The appellant appealed contending that the FTT in October misinterpreted its April decision and was wrong to treat the £6.31 as a separate element of the pitch fee and in effect a service charge, merely reimbursing the site owner for the cost of improvements. The appeal was determined under the tribunal’s written representations procedure.
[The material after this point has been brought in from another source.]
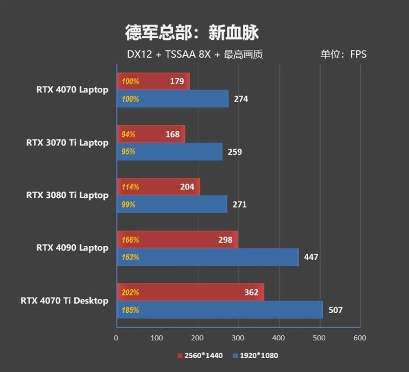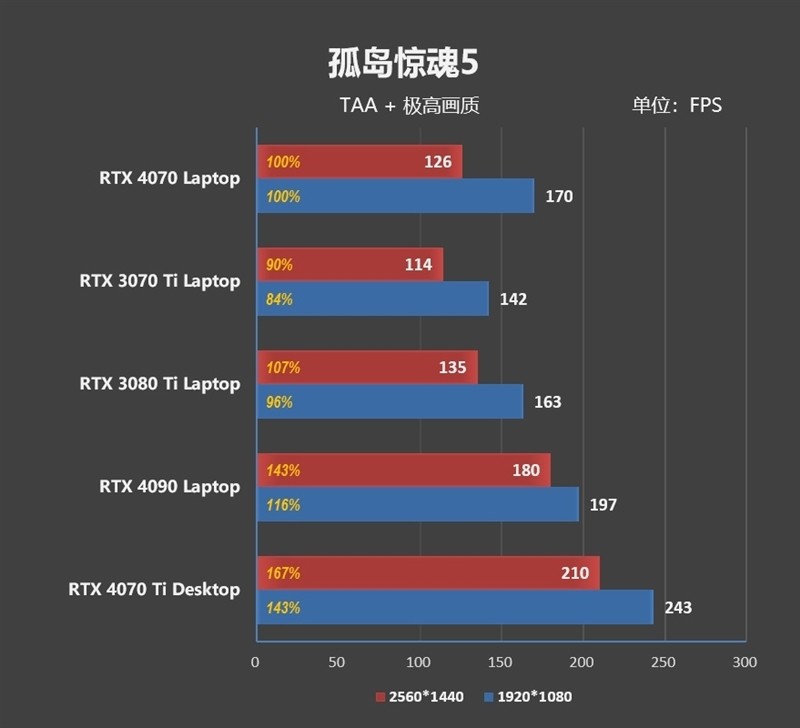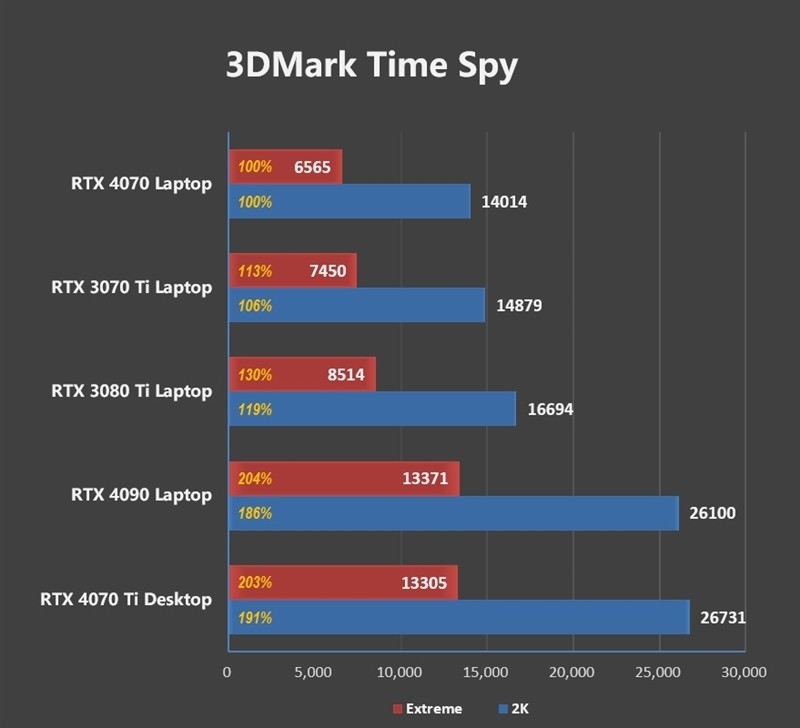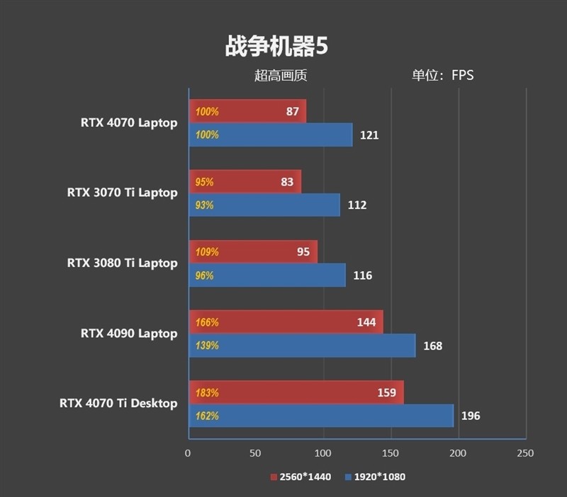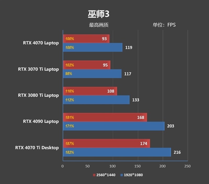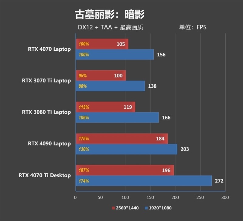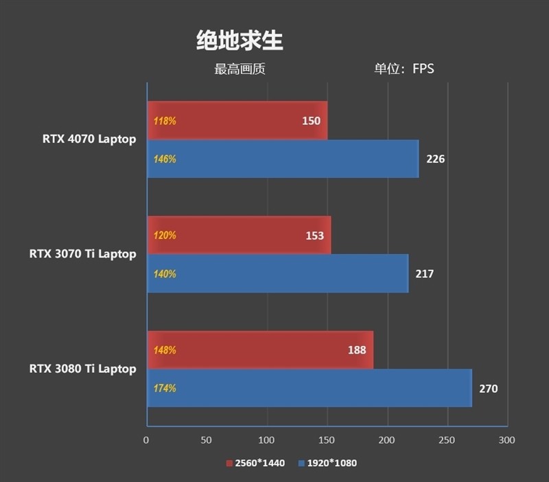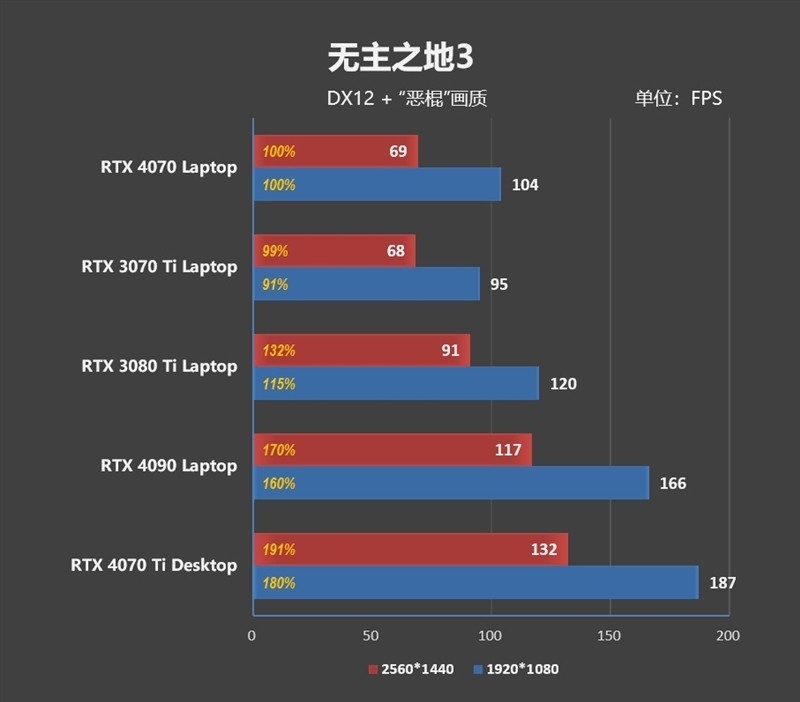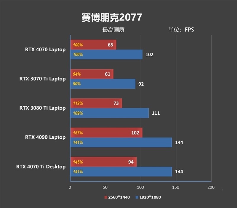 在1080P分辨率下,RTX 4070 Laptop比RTX 3070 Ti Laptop要强了9%左右。2K分辨率,领先优势缩小到了3%。
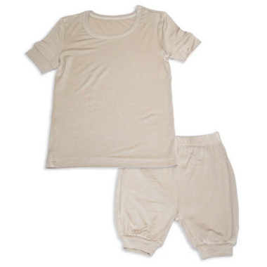 Silkberry Baby Bamboo Short Sleeve Top And Short Pajama Set Almond Milk

Held: The appeal was allowed.

(1) Part 1 of Schedule 1 to the Mobile Homes Act 1983 implied terms into agreements under which a person was entitled to station a mobile home on a protected site and to live there; it was not disputed that the appellant’s site was a protected site as defined in the Caravan Sites Act 1968. The pitch fee derived from the agreement between the site owner and the occupier; the schedule implied an obligation to pay it only if the agreement required a pitch fee to be paid. The pitch fee was the consideration paid by the occupier for the right to live in the mobile home on the pitch. It was not a service charge because it did not vary with the cost of services: PR Hardman and Partners v Fox, Greenwood and others [2019] UKUT 248 (LC) followed.

(2) Paragraph 20 of Schedule 1 imposed a presumption that the pitch fee would not increase or decrease by more than the increase or decrease in the RPI each year, but it provided that that presumption could be displaced if it would generate an unreasonable result, having regard to para 18(1). Paragraph 20 did not give the site owner an entitlement to an increase in the pitch fee in line with the RPI, although it had come to be regarded in that light: Re Sayer [2014] UKUT 283 (LC); [2014] PLSCS 202 considered.

Paragraph 18(1) did not set out an exclusive list of matters that might justify a departure from the para 20 presumption; it only stated that “particular regard” was to be paid to the matters it set out. Paragraph 18(1)(a) was relevant to the present appeal because the increase in the pitch fee in issue related to the appellant’s expenditure on improvements that benefitted the respondents. The question was not whether the improvements should mean a change in the pitch fee, but what that change should be.

(3) In its April decision, the FTT decided that the RPI related increase would apply to the whole of the pitch fee. Very clear and explicit words would have been needed to decide the contrary. The £6.31 was part of the pitch fee, and if the RPI rate was not to apply to that element of the pitch fee, the pitch fee as a whole would be increased by less than the RPI; a decision that the RPI-related increase would not apply to £6.31 of the pitch fee each year would have amounted to a decision, for each of the following 19 years, that the presumption in para 20 was displaced and that it was unreasonable for the pitch fee to be increased in line with the RPI, as required by para 18(1).

The FTT referred to its April decision as a foundation for its view that the £6.31 should cease to be payable after 20 years. In so doing, it mistook the appellant’s initial calculation of the charge for improvement – by spreading the capital cost over what might be regarded as a period that made it manageable for the occupiers – with the end result, which was a pitch fee that represented consideration for an improved site. Accordingly, the FTT in October 2019 misconstrued its 2018 decision, which did not decide either that the RPI-related increase would apply only to part of the pitch fee thereafter, and not to the £6.31 added in 2018 in respect of improvements, or that the sum relating to improvements would cease to be payable after 20 years.

(4) The construction that the appellant placed on the 2018 decision, far from giving it a double recovery, provided for the recovery of cost, over time, together with some consideration for the improvements by way of a return on the site owner’s investment. What the appellant wanted to charge by way of pitch fee in 2019, namely the 2018 fee increased by the same rate as the RPI over the relevant period, was consistent with the 2018 decision, properly construed.